> **THE INPUT**:

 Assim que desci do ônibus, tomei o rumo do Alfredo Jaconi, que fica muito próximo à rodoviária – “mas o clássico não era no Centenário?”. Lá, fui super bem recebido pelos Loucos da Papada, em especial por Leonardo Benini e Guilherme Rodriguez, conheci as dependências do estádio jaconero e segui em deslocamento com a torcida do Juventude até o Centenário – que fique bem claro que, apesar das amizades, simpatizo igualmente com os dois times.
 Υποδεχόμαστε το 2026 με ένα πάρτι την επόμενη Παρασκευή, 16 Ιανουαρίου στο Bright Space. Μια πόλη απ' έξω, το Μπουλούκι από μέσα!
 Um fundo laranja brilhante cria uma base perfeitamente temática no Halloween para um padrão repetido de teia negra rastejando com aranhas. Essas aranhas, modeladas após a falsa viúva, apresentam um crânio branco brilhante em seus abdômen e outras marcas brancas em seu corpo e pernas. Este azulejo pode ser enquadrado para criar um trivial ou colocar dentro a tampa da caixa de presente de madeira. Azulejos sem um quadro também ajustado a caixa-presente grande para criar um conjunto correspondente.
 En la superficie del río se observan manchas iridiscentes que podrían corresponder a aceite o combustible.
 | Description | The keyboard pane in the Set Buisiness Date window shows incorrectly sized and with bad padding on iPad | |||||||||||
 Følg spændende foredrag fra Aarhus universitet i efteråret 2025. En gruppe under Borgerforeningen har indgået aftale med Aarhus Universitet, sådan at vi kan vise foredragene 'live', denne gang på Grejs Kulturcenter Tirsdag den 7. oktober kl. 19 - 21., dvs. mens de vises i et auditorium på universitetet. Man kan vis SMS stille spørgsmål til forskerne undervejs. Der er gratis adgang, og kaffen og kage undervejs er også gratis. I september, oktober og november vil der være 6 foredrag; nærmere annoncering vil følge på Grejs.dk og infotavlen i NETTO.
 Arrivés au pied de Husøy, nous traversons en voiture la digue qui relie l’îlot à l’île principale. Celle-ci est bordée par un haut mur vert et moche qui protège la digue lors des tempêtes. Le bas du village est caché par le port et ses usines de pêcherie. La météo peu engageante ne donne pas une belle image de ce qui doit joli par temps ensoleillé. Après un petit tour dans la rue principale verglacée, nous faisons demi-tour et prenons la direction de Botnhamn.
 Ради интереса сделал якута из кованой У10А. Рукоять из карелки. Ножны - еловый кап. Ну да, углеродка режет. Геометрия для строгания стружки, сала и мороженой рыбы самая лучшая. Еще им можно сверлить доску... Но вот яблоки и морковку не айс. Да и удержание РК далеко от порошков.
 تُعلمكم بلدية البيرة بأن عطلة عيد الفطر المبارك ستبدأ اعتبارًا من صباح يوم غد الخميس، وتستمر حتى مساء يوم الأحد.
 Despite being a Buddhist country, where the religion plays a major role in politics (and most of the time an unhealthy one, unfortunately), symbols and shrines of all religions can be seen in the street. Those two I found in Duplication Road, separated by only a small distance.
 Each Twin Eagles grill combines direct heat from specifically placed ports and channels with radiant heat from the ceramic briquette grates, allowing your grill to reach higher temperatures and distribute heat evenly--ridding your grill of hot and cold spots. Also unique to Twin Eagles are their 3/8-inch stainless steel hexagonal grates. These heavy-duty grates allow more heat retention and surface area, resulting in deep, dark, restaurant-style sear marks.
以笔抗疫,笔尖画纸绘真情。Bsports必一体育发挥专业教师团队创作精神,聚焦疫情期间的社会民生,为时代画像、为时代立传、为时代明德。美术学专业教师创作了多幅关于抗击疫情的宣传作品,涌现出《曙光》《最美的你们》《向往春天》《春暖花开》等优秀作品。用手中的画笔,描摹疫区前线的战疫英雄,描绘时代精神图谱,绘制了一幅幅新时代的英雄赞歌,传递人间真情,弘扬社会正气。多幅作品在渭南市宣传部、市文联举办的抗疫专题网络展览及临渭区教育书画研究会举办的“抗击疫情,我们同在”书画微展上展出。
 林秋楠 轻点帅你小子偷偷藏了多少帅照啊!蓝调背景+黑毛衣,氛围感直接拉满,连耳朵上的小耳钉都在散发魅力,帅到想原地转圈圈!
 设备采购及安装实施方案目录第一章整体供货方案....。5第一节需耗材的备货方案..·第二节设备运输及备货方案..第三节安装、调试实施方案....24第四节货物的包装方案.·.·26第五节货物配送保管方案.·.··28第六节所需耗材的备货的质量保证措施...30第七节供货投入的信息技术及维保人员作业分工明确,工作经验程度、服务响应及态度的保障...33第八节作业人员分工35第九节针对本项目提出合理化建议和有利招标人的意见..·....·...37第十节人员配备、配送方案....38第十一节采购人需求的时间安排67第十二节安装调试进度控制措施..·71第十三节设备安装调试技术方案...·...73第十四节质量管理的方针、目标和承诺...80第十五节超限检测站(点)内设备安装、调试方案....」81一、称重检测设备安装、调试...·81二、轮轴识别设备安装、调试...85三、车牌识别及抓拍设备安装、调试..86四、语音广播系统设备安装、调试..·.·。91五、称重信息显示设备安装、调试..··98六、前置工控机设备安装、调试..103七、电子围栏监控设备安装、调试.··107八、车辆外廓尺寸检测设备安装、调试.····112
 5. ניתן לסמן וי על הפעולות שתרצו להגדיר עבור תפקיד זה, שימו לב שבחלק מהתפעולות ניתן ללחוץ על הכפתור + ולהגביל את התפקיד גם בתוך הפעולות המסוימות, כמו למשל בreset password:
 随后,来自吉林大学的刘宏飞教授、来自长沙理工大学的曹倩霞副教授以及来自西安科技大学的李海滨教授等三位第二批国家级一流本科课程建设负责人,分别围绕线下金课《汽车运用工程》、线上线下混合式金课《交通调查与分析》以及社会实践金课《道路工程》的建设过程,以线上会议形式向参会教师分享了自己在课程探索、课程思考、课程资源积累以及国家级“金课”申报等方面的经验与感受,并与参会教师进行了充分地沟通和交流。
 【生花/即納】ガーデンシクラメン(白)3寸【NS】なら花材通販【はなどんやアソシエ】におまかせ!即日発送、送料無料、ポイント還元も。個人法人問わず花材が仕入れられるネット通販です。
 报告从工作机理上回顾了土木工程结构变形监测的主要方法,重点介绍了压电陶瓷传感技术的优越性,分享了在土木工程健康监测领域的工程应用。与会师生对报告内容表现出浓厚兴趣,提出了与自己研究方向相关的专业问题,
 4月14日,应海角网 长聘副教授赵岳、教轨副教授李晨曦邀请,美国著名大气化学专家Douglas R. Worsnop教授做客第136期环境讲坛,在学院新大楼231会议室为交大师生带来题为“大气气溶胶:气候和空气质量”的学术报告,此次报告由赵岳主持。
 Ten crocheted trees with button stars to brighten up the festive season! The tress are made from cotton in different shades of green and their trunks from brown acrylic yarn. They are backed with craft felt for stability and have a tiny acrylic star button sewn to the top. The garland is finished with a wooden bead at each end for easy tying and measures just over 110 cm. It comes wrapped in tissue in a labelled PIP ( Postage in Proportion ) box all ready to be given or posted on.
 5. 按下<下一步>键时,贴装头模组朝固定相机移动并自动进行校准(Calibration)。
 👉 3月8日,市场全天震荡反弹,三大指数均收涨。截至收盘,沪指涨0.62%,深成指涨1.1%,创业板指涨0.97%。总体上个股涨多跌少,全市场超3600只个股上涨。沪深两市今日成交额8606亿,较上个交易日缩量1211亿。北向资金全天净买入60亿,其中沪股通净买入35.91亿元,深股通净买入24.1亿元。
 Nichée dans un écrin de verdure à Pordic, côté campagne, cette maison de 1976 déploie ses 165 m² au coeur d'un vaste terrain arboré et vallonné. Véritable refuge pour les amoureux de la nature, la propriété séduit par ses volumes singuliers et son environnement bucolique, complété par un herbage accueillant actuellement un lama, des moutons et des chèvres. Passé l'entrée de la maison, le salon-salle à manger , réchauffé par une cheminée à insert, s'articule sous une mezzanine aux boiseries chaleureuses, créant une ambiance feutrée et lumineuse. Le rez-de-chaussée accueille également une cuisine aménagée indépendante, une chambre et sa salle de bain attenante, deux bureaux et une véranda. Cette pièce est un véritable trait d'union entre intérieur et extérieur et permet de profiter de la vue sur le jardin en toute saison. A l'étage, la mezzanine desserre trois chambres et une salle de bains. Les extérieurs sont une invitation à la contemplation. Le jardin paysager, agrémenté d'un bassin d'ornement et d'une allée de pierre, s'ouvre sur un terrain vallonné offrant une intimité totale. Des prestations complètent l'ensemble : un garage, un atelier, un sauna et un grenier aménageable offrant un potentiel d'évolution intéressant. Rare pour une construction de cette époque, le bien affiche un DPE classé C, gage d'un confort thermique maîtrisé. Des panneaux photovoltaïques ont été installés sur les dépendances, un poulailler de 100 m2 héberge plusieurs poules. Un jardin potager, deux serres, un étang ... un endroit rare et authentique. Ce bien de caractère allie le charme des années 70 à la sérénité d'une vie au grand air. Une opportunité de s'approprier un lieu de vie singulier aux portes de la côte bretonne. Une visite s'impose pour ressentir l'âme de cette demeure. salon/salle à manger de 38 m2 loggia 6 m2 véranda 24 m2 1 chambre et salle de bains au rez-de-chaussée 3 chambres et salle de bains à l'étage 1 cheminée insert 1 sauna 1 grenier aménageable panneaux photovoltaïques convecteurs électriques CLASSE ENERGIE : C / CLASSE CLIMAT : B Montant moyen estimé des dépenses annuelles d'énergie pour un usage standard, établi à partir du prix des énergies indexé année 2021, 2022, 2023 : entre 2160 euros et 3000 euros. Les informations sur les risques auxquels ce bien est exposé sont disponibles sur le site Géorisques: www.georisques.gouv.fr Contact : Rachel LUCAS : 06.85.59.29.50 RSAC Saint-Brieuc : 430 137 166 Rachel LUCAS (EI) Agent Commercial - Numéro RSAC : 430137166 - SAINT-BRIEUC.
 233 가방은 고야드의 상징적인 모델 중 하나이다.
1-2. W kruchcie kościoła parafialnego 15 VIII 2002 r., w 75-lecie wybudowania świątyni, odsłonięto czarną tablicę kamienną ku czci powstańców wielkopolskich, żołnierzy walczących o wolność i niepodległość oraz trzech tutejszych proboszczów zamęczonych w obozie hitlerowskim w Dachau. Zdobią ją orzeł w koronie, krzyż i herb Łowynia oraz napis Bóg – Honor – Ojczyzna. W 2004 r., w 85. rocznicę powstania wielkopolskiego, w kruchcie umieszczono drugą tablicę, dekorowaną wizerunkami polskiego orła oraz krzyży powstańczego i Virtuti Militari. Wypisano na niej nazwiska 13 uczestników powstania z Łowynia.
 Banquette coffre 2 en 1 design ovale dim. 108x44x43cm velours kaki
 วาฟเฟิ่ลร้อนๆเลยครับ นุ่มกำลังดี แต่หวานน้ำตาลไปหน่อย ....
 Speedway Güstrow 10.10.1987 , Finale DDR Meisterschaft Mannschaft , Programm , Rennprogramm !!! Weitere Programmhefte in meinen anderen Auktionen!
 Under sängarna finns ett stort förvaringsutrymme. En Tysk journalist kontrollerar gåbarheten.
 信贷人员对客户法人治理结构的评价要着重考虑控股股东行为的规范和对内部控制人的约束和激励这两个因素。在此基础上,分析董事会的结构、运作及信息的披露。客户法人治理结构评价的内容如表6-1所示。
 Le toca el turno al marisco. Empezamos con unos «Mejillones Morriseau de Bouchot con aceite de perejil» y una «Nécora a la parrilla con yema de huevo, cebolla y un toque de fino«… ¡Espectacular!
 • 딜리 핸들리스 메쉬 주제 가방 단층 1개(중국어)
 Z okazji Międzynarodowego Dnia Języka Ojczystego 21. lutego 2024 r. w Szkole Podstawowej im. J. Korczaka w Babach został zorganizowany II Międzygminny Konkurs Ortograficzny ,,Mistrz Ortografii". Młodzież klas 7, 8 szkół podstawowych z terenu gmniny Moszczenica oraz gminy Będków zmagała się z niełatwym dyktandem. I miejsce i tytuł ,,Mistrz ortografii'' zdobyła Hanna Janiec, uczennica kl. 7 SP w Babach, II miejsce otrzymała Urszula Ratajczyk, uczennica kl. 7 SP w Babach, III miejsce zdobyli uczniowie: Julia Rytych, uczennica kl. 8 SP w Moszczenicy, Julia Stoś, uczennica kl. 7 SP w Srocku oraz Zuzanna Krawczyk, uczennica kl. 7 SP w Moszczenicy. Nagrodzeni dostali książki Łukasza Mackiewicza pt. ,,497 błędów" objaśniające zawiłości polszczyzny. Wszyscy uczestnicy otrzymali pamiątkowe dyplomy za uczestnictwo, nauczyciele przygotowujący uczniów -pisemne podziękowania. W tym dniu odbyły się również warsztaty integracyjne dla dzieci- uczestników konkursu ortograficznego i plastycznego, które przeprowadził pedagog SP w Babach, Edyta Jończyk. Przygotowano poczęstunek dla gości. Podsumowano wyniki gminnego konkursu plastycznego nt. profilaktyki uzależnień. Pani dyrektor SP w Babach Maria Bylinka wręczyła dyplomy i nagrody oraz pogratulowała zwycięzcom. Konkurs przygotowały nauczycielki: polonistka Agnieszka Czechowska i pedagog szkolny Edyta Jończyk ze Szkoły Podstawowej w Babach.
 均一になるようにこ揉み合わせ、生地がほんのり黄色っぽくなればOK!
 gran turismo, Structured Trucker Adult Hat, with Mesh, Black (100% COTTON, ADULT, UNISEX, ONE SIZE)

> **GOAL OF THE EXERCISE**: Please output exactly the lines between the one holding "以笔抗疫,笔尖画纸绘真情。B" and the one holding "林秋楠 轻点帅你小子偷偷藏了" in the records above, inclusive, and nothing more.

> **EXERCISE SOLUTION**:
以笔抗疫,笔尖画纸绘真情。Bsports必一体育发挥专业教师团队创作精神,聚焦疫情期间的社会民生,为时代画像、为时代立传、为时代明德。美术学专业教师创作了多幅关于抗击疫情的宣传作品,涌现出《曙光》《最美的你们》《向往春天》《春暖花开》等优秀作品。用手中的画笔,描摹疫区前线的战疫英雄,描绘时代精神图谱,绘制了一幅幅新时代的英雄赞歌,传递人间真情,弘扬社会正气。多幅作品在渭南市宣传部、市文联举办的抗疫专题网络展览及临渭区教育书画研究会举办的“抗击疫情,我们同在”书画微展上展出。
 林秋楠 轻点帅你小子偷偷藏了多少帅照啊!蓝调背景+黑毛衣,氛围感直接拉满,连耳朵上的小耳钉都在散发魅力,帅到想原地转圈圈!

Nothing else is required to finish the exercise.